European Society of Hyperthermic
ESHO grand challenge on hyperthermia computational modeling (ESHO-GC-HCP)
This document provides guidance for participation in the ESHO-GC-HCP. We welcome participants to apply their novel ideas on hyperthermia therapy (HT) technology following the standardized simulation benchmarks provided in the following sections.
This challenge aims at invigorating and streamlining progress in hyperthermia device development and treatment planning research. To achieve this goal, we provide standardized simulation benchmarks to evaluate predicted clinical improvement. The simulation benchmarks are based on: 1) clinically derived applicator configurations; 2) traceable tissue properties; 3) robust and consistent numerical simulation techniques ; and 4) six open-source anatomical patient models. Four of these models are part of the new Erasmus Virtual Patient Repository (EVPR) , and two models were developed to expand the patient model database to other tumor site locations . The ESHO-GC-HCP provides a forum to display the potential of new hyperthermia developments in a standardized framework. This challenge welcomes contributions on radiofrequency, microwave, and ultrasound hyperthermia technology.
Hyperthermia treatment modelling and optimization (HTM&O) is the process in which the radiation oncology team defines the optimal treatment plan for a specific cancer patient using the available hyperthermia treatment resources. HTM&O includes computational modeling approaches for pre-treatment optimization and online treatment guidance. Pre-treatment HTM&O, also known as hyperthermia treatment planning (HTP), is used for (1) applicator type selection and arrangement, (2) analysis of the target heat-ability in non-standard clinical cases, (3) informing interdisciplinary discussions, and (4) investigation of the extent that potential contraindications (such as expected collateral toxicity) compromise treatment. During treatment, HTM&O is also known as online HTP and may be used for (5) adaptation of treatments based on measurements and/or feedback from the patient and/or clinical team. After treatment, HTM&O helps in (6) retrospective analyses to draw lessons regarding the suitability of the choices made during treatment application. HTM&O can also play an important role in (7) the education and training of hyperthermia technicians, physicists, and physicians. These clinical purposes require dedicated and validated computational models, which are not the main topic of this grand challenge.

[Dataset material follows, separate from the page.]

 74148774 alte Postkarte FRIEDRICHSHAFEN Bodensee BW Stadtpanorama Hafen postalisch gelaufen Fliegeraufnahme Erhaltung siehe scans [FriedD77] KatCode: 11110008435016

Still, the proposed guidelines should help promote standardized HTM&O and treatment delivery. Instead, the primary purpose of ESHO-GC-HCP stems from the fact that the HTM&O computational tools have gained a prominent role in the design and optimization of novel devices and treatment strategies. However, while HTM&O is gaining broader traction, there is limited convergence towards standardized computational practices, tissue properties, and verification/performance benchmarks. The ESHO-GC-HCP aims to bridge this gap.

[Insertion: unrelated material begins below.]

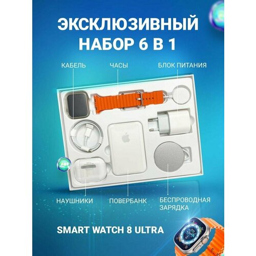 Подарочный набор 6 в 1/Смарт часы/Внешний аккумулятор/Адаптер 20W/Беспроводные наушники/БЗУ MagSafe/Кабель Lightning

In contrast to the readily available simulation tools and computational resources, our knowledge of tissue properties and their physiological dynamics is currently limited. As a consequence, any treatment planning approach carries uncertainties often leading to sub-optimal delivery of the HT treatment. The choices that have to be made in simulations are often unclear but strongly influence the temperature simulations. The enhanced availability of modeling tools with different numerical methods and automated parameter settings has led to a situation in which comparing the benefits of the various treatment planning strategies is nearly impossible; without a common ground, progress in the HT field is severely compromised. This challenge aims to provide the platform to directly compare various treatment strategies in order to improve the reliability and selectivity of the thermal dose delivery to the targeted region. An output of the challenge will be a ranking of techniques that achieves high and uniform SAR/temperature distributions in the target region while minimizing the energy deposition in healthy tissues. We welcome the contribution of novel radiofrequency (RF), microwave (MW) and focussed ultrasound (FUS) approaches for HTM&O, applicator design, dynamic treatment administration (e.g., focus scanning, temporal multiplexing, etc.), and closed-loop control techniques.

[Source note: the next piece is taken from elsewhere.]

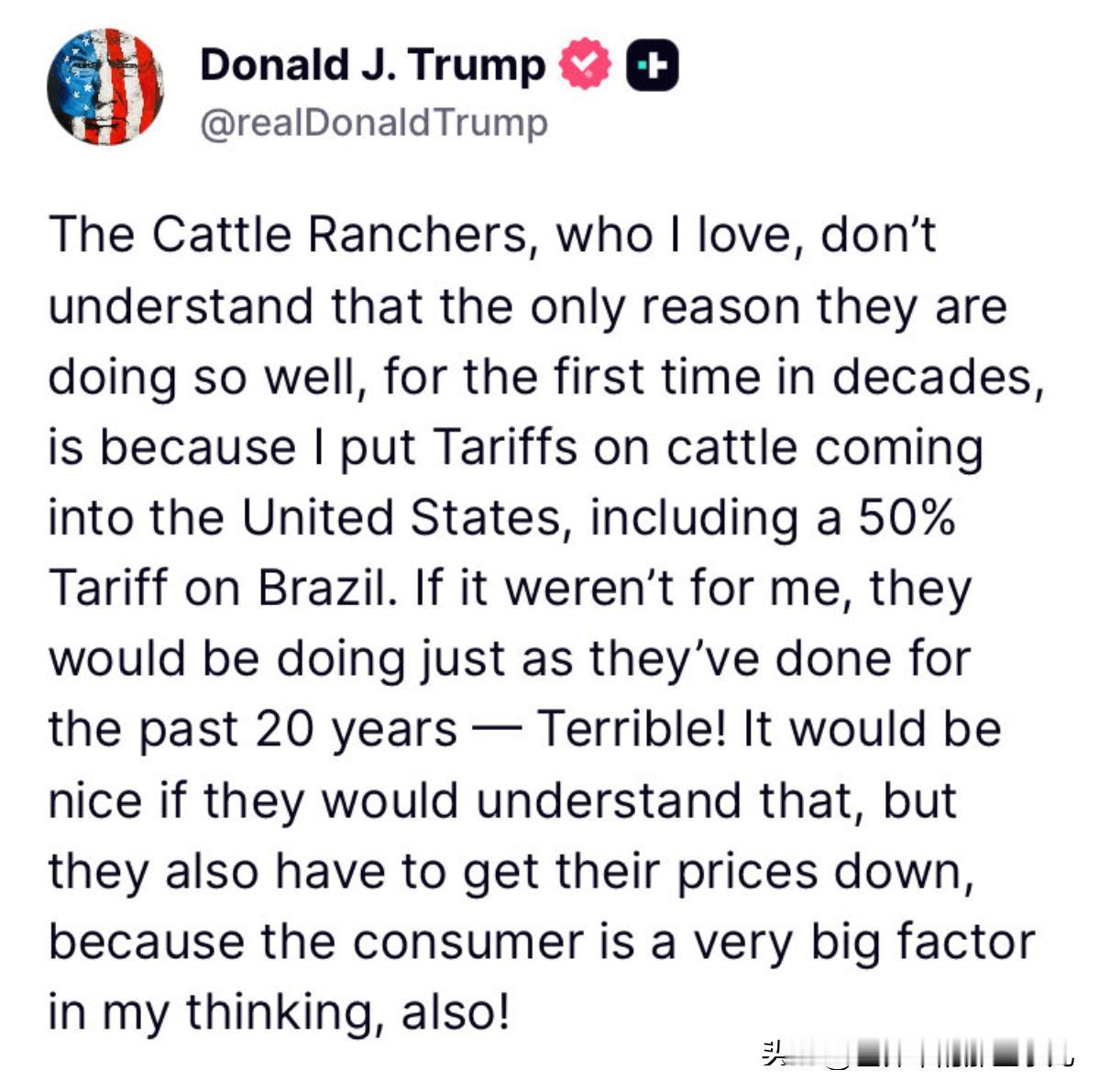 特朗普表示,美国的牧场主他们几十年来第一次如此成功!主要原因就说对巴西征收50%的关税!10月23,凌晨看点, 据特朗普发文表示,我所热爱的牧场主们不明白,他们几十年来第一次如此成功的唯一原因是我对输往美国的牛征收关税,其中包括对巴西征收50%的关税。如果不是我,他们的处境会和过去20年一样——糟透了!如果他们能理解这一点就好了,但他们也必须降低价格,因为在我看来,消费者也是一个非常重要的因素! 而巴西总统卢拉发文表示,我们已抵达印度尼西亚雅加达。明天我们将开启东南亚的一系列行程,包括对印度尼西亚进行国事访问、出席在马来西亚举行的东盟和东亚峰会,以及与巴西和亚洲商界领袖的会晤。 昨天,我们宣布将在日、新加、韩、埃和印为巴西产品开辟新市场。自2023年初以来,我们已开辟了460个新市场。 综合来看(个人观点),美国的牛肉价格上涨,这也成为了特朗普吹捧的事情?事情真的是特朗普所说的这样吗,我看到有美国的网友说是美国的旱灾导致美国畜牧数量到达了最低点。原来这就是对美国牧场主的利好。而且还给阿根廷进行400亿美元的援助,还要购买大量的阿根廷牛肉。原来美国的利好是这样,靠自然灾害利好。 对于以上事件你有什么看法,欢迎评论区留言探讨,你怎么看呢?关注我,获取更多国际精彩资讯!

The purpose of the ESHO Grand challenge is to facilitate the direct evaluation of new optimization techniques or applicators for hyperthermia treatment delivery. The predicted performance of the novel technologies will be compared against benchmark results achieved in numerical setups that combine clinically-inspired applicator models and six HT patient models with tumors. Building on these models, standardized tissue properties and simulation approaches are described in reference . The details on the numerical setup as well as the evaluation criteria are specified below. After registration for the challenge, the benchmark datasets will be provided upon request. These include the patient voxel models, tissue properties, pre-computed electric field distributions from the reference applicators, and pre-optimized antenna steering parameter amplitude/phase values.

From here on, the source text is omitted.